Below are some records. Retype exactly the lines from the one containing "43. Herby –" through the one containing "LCD 12.3 นิ้ว", both included, skipping every picture.

# Data for analysis
•••••

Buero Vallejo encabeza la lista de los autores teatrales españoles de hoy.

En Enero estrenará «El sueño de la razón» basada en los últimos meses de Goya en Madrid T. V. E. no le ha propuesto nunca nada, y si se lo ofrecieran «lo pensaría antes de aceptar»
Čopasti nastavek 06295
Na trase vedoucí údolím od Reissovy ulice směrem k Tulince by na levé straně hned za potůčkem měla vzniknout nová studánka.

•••••

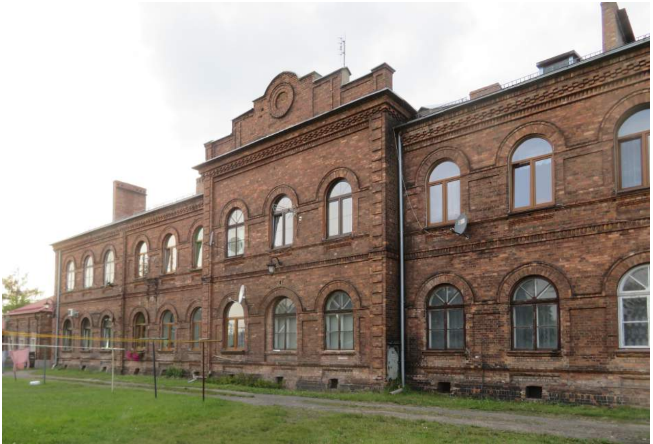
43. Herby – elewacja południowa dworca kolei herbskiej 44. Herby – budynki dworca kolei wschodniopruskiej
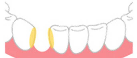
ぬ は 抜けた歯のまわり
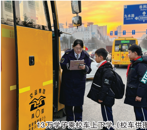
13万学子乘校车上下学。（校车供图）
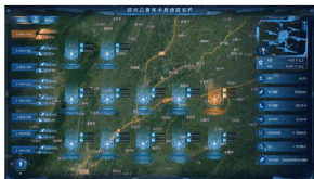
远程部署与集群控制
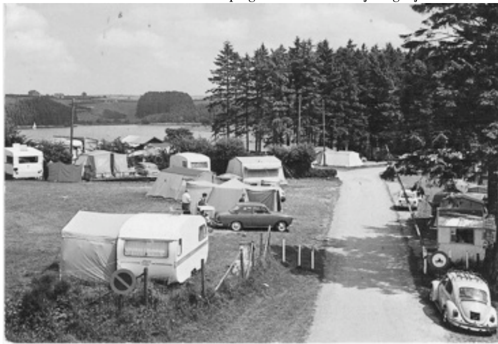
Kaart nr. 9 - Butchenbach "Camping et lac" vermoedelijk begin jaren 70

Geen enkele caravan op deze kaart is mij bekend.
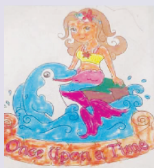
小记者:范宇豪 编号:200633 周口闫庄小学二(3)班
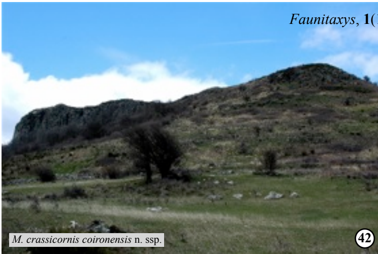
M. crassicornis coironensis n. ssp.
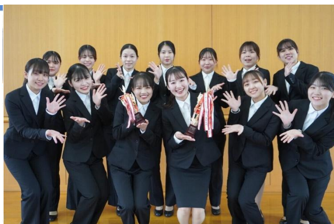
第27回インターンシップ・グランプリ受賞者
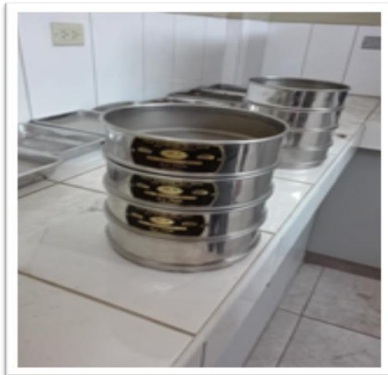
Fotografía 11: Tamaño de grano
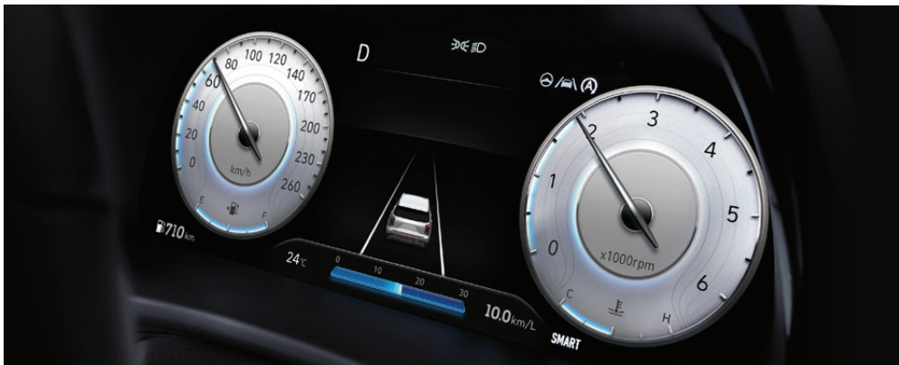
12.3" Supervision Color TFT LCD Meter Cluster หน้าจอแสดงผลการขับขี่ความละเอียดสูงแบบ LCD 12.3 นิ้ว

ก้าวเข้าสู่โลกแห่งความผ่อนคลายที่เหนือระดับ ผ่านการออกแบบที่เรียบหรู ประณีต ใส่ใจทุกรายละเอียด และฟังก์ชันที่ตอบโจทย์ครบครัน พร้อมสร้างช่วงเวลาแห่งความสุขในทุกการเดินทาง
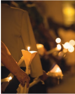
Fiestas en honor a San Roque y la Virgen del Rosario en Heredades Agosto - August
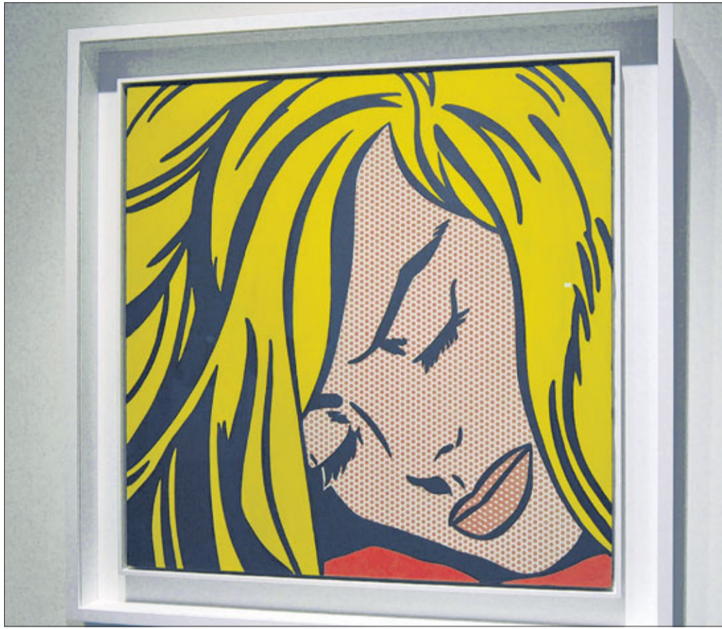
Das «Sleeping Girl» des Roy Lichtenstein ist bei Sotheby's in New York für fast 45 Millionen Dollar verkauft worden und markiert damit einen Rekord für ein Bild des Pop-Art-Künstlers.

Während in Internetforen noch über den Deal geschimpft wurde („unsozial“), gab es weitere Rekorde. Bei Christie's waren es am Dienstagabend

•••••

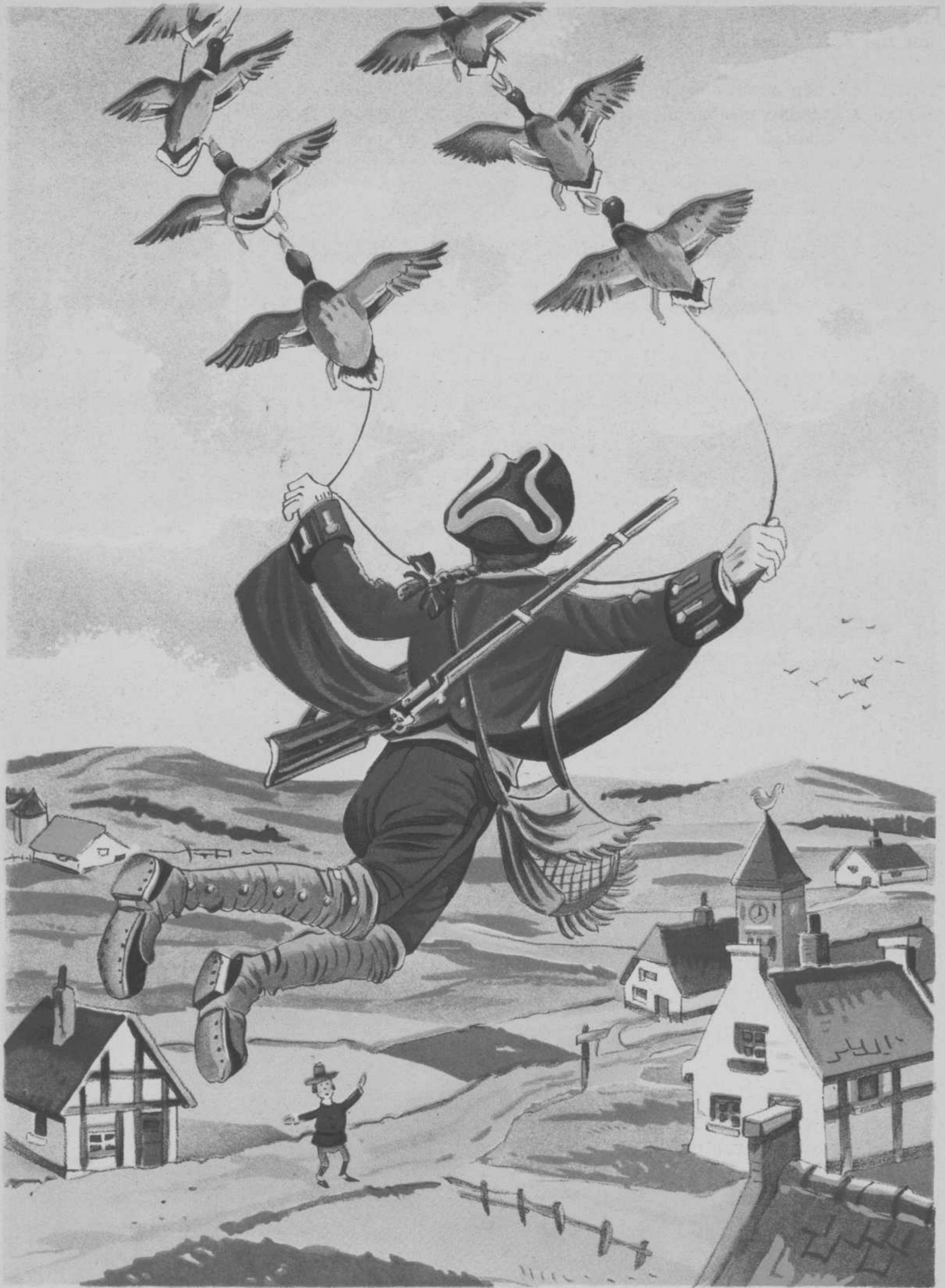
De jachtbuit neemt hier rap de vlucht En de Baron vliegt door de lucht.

•••••

# Output of the exercise
43. Herby – elewacja południowa dworca kolei herbskiej 44. Herby – budynki dworca kolei wschodniopruskiej
ぬ は 抜けた歯のまわり
13万学子乘校车上下学。（校车供图）
远程部署与集群控制
Kaart nr. 9 - Butchenbach "Camping et lac" vermoedelijk begin jaren 70

Geen enkele caravan op deze kaart is mij bekend.
小记者:范宇豪 编号:200633 周口闫庄小学二(3)班
M. crassicornis coironensis n. ssp.
第27回インターンシップ・グランプリ受賞者
Fotografía 11: Tamaño de grano
12.3" Supervision Color TFT LCD Meter Cluster หน้าจอแสดงผลการขับขี่ความละเอียดสูงแบบ LCD 12.3 นิ้ว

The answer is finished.